Reputation: 15572
I have a database table containing two costs. I want to find the distinct costs over these two columns. I also want to find the count that these costs appear. The table may look like
|id|cost1|cost2|
|1 |50 |60 |
|2 |20 |50 |
|3 |50 |70 |
|4 |20 |30 |
|5 |50 |60 |
In this case I want a result that is distinct over both columns and count the number of times that appears. So the result I would like is
|distinctCost|count|
|20 |2 |
|30 |1 |
|50 |4 |
|60 |2 |
|70 |1 |
and ideally ordered
|disctinCost1|count|
|50 |4 |
|60 |2 |
|20 |2 |
|70 |1 |
|30 |1 |
I can get the distinct over two columns by doing something like
select DISTINCT c FROM (SELECT cost1 AS c FROM my_costs UNION SELECT cost2 AS c FROM my_costs);
and I can get the count for each column by doing
select cost1, count(*)
from my_costs
group by cost1
order by count(*) desc;
My problem is how can I get the count for both columns? I am stuck on how to do the count over each individual column and then add it up.
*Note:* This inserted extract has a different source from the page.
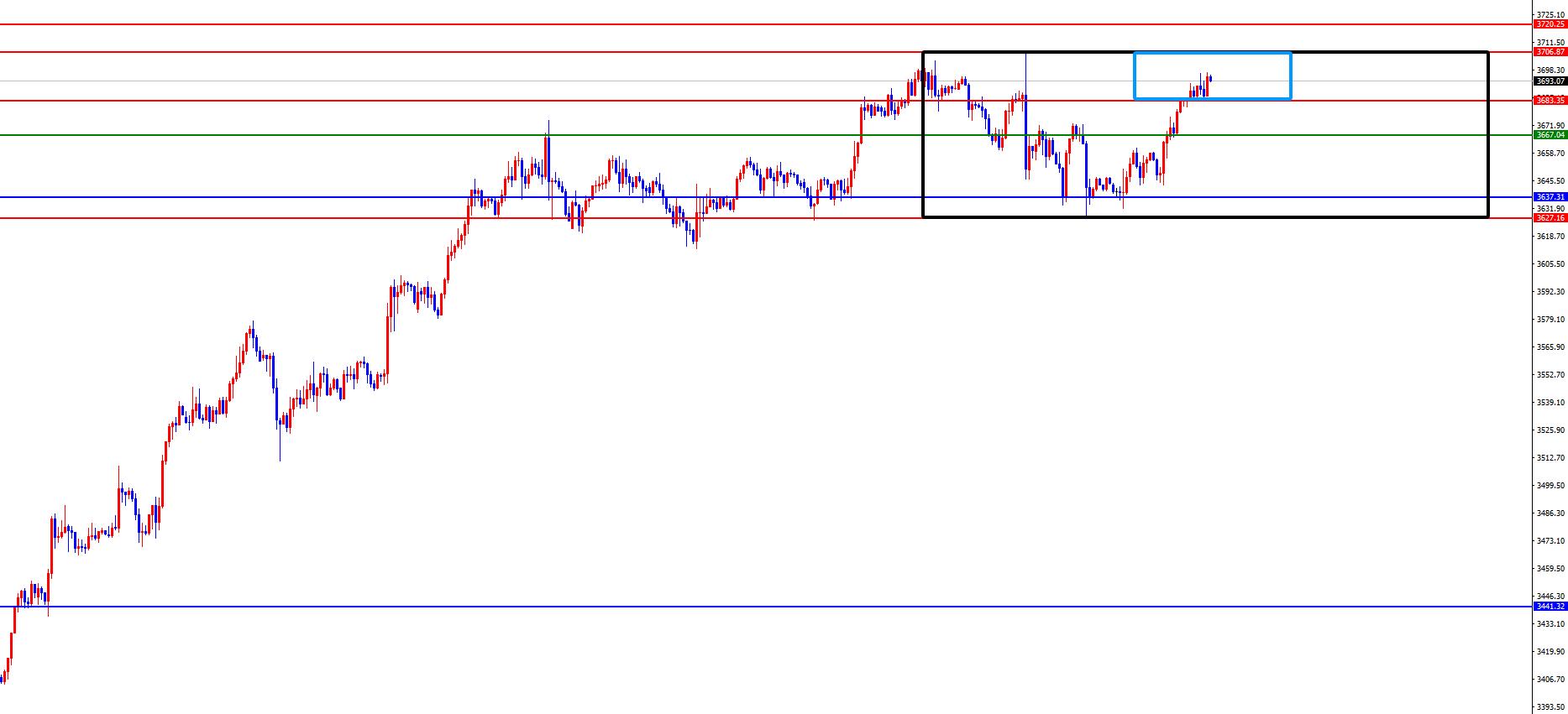 從多周期分析,首先觀察月線節奏,月線上價格8月份大陽收尾,整體看價格依舊多頭運行,從長線上看3000位置是長線走勢的分水嶺,價格在此位置之上長線多對待即可。從周線級別看,價格經過近期持續震盪後突破關鍵阻力,目前持續再創歷史新高位置,目前週線多空分水嶺於3441位置,價格在此位置之上中線多對待即可。從日線級別看,暫時需要關注3637區域支撐,此位置之上波段多對待。從四小時上看,上週五價格突破四小時阻力,則短線價格偏多,但是目前市場有在3627-3707區間震盪,所以在沒有突破前期歷史高位之前也要謹慎對待。下方3665位置為短期走勢分水嶺。一小時上價格目前多頭還沒有節奏,早盤低點成關鍵,所以目前短線先關注早盤低點及前期歷史高位區間得失,打破此小區間才會進行延續,所以目前多看少動,待價格打破小區間後進行看延續。

Any pointers would be appreciated.
I am using Oracle DB.
Thanks
Upvotes: 0
Views: 3375
Reputation: 700
You can use the unpivot statement :
select *
from
(
SELECT cost , count(*) as num_of_costs
FROM my_costs
UNPIVOT
(
cost
FOR cost_num IN (cost1,cost2)
)
group by cost
)
order by num_of_costs desc;
Upvotes: 0
Reputation: 51514
By combining your two queries..
select cost, count(*)
from
(
SELECT id, cost1 AS cost FROM my_costs
UNION ALL
SELECT id, cost2 AS c FROM my_costs
) v
group by cost
order by count(*) desc;
(If when a row has cost1 and cost2 equal, you want to count it once not twice, change the union all
to a union
)
Upvotes: 2